(US and Canada) In conversation with Sanjay Acharya, VP Strategy & Growth, HiLabs Inc., Luis Velandia, Chief Data Officer, Best Doctors Insurance, talks about the need for the right data governance models and the impact of bad data quality on businesses.
He says that not a single data governance model fits all organizations. The decentralized approach is best for small individual businesses and users maintaining their master data. It is simpler to maintain and faster to set up. However, if it is not managed properly, users can see inconsistencies in the data.
Centralized governance is based on multiple business units centralizing the setting up and maintenance of master data on a central organization based on consumer requests. It works better for large or medium organizations but calls for complex requirements like larger systems and master data to be distributed to different systems.
The hybrid model has a centralized body defining the framework, and \individual businesses create the master data. It works best for large or medium organizations, and it requires agility in the creation of master data.
Velandia says that regardless of the approach, any organization should have robust data governance programs focused on critical data elements to derive long-term value.

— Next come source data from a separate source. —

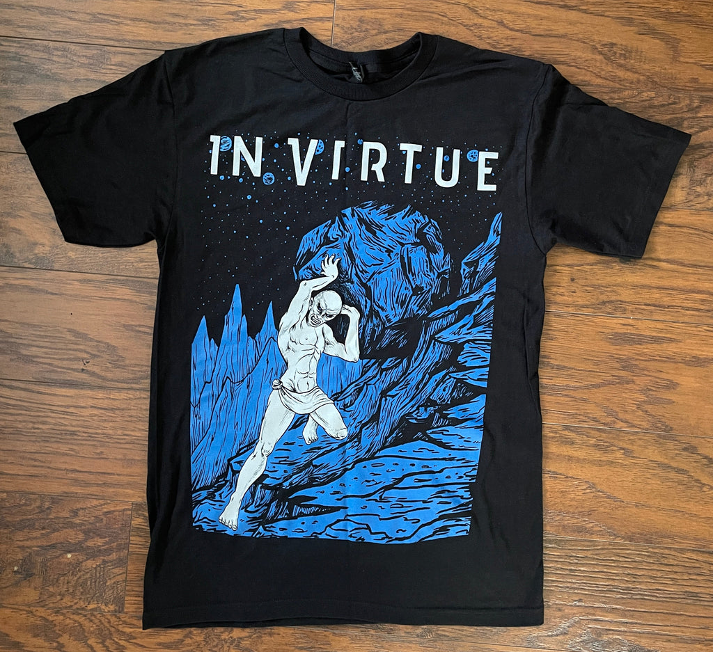 Ever feel like you've been just pushing a rock up a hill all day? Sisyphus understands you. Push that rock with a friend with this slick In Virtue shirt, shipped directly from us to you. Quantities are very limited, so grab one quick before the boulder rolls back down the hill again!
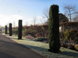 As you can see by the frost on the ground, this is winter. But the cypress trees that act as little exclamation marks in the border are bright and cheery. And flat topped.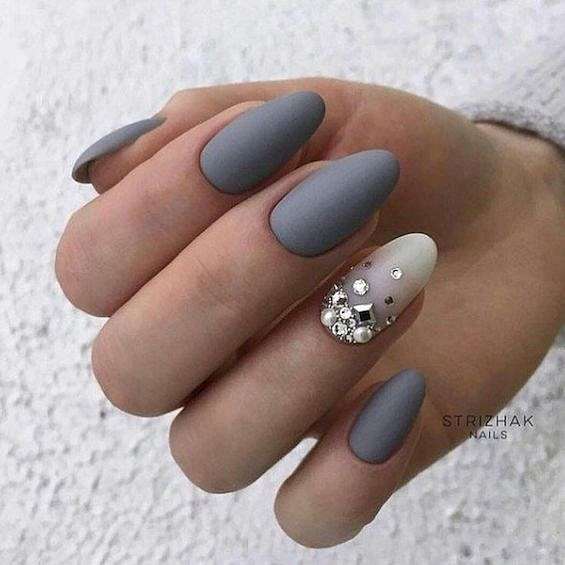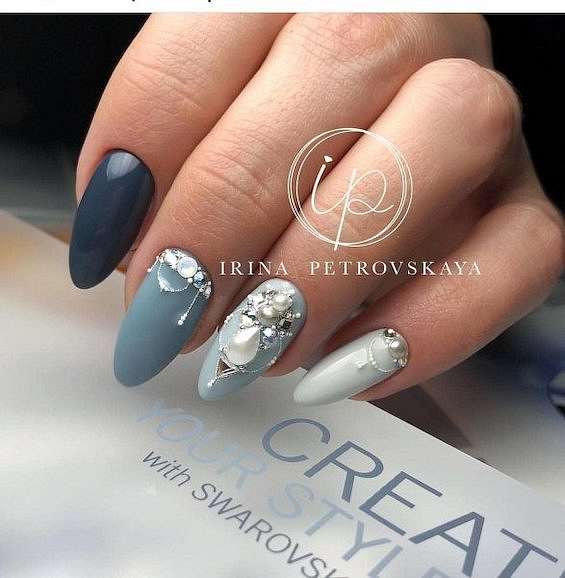 - серый маникюр со стразами и жемчужинами;

“Data governance is not a one-time project, it’s a cultural skill,” he adds. “It needs to be built into an organization's culture and technical backbone, empowering business leaders and educating end-users to be effective data owners. The culture starts with the executives. Data governance is everyone's job, and this should be every company's motto. It is not the job of a bunch of data stewards or data governance managers. If you generate data, if you consume data, if you own data, you need to participate in protecting the data for the organization.”
Velandia explains that the idea is to focus not only on data quality as the main driver for the implementation of data governance programs, but to improve acquisition management and dissemination of data for key data domains.
“Some of the organizations I worked for used and implemented data quality management processes, starting from things like data profiles, to explore the data, to gain an in-depth understanding of it and to identify its issues such as inaccuracy, incompleteness, inconsistency, etc. Also, to define matrices related to establishing quantity, to understand the severity of those data issues. We have things like data matching to duplicate that basis, finding matching entities across several data sources,” he adds.
Velandia then divides the process for determining data quality into four key areas.
First, understand data quality issues using a data quality checklist. Second, identify the data source and systems where data is ingested, stored, and consumed. Third, identify data domains — like members, customers, or providers — that the data points and issues are related to. And finally, track, monitor, and quantify specific metrics to get a picture of the impact on the businesses.
Although data availability has increased over the years, sufficient attention has not been given to data quality.
And poor data quality can slow critical decision making, reduce operational productivity, and result in revenue loss, Velandia concludes.